Causal relationship and potential common pathogenic mechanisms between hidradenitis suppurativa and related cancer.

Background: Hidradenitis suppurativa (HS) is a chronic, inflammatory and common skin disease. Observation studies have reported the association between HS and cancers, however no studies reported whether a causal relationship exists between HS and cancers. This study aimed to explore the causal relationship between HS and differential subtypes of cancers by conducting a bidirectional Mendelian randomization (MR) analysis.

Methods: Genome-wide association study (GWAS) data related to HS and 16 subtypes of cancers were collected. The inverse variance weighted (IVW) method was primarily applied for our MR analysis, MR-Egger, weighted median, simple mode, and weighted mode methods were used additionally. Heterogeneity, horizontal pleiotropy, and potential outliers were assessed for the MR analysis results. Subsequently, disease-related genes were retrieved from the GeneCards database. To investigate the potential functions of these associated genes, Gene Ontology (GO) and Kyoto Encyclopedia of Genes and Genomes (KEGG) enrichment analyses were conducted.

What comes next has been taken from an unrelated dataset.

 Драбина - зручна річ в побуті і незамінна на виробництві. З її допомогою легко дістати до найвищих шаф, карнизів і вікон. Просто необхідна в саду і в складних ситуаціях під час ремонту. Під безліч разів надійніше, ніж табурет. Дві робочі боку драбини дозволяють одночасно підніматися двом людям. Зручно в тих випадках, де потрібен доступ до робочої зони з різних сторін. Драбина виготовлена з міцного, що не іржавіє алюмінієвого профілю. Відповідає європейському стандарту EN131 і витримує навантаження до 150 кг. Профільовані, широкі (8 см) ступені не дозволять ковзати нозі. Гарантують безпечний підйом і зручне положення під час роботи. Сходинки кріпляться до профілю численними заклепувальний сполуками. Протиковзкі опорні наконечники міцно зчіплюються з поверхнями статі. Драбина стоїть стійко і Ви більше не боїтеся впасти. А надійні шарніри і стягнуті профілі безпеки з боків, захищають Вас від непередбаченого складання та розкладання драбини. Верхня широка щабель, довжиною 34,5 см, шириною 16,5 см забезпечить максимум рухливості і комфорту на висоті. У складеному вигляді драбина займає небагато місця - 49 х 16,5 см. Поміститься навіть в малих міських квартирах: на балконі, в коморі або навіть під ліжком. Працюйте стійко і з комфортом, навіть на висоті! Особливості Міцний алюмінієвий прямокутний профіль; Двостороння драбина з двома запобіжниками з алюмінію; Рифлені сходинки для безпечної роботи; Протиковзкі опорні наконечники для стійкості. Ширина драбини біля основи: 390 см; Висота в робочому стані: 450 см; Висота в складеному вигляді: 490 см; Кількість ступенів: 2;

Results: The results of our MR analysis indicated a causal association between HS and pancreatic cancer (PAC). Specifically, HS was found to elevate the risk of developing PAC (odds ratio (OR), 1.074; 95% confidence interval (CI) 1.015-1.135; p = 0.013). Conversely, reverse MR analysis demonstrated that PAC does not exert a causal effect on HS. Furthermore, our findings did not reveal any significant causal relationships between HS and other types of cancer. No evidence of heterogeneity or pleiotropy was identified in the analysis. Additionally, we identified disease-related genes, and subsequent GO and KEGG enrichment analyses indicated that the genes common to both HS and PAC are implicated in pathways associated with immune and inflammatory processes.

Conclusions: The results of this study offer novel evidence regarding the causal relationship between HA and PAC. Our Mendelian randomization analysis indicates that HS may have a causal influence on PAC, which could inform the development of improved treatment strategies for patients suffering from HS. However, the underlying mechanisms warrant further exploration.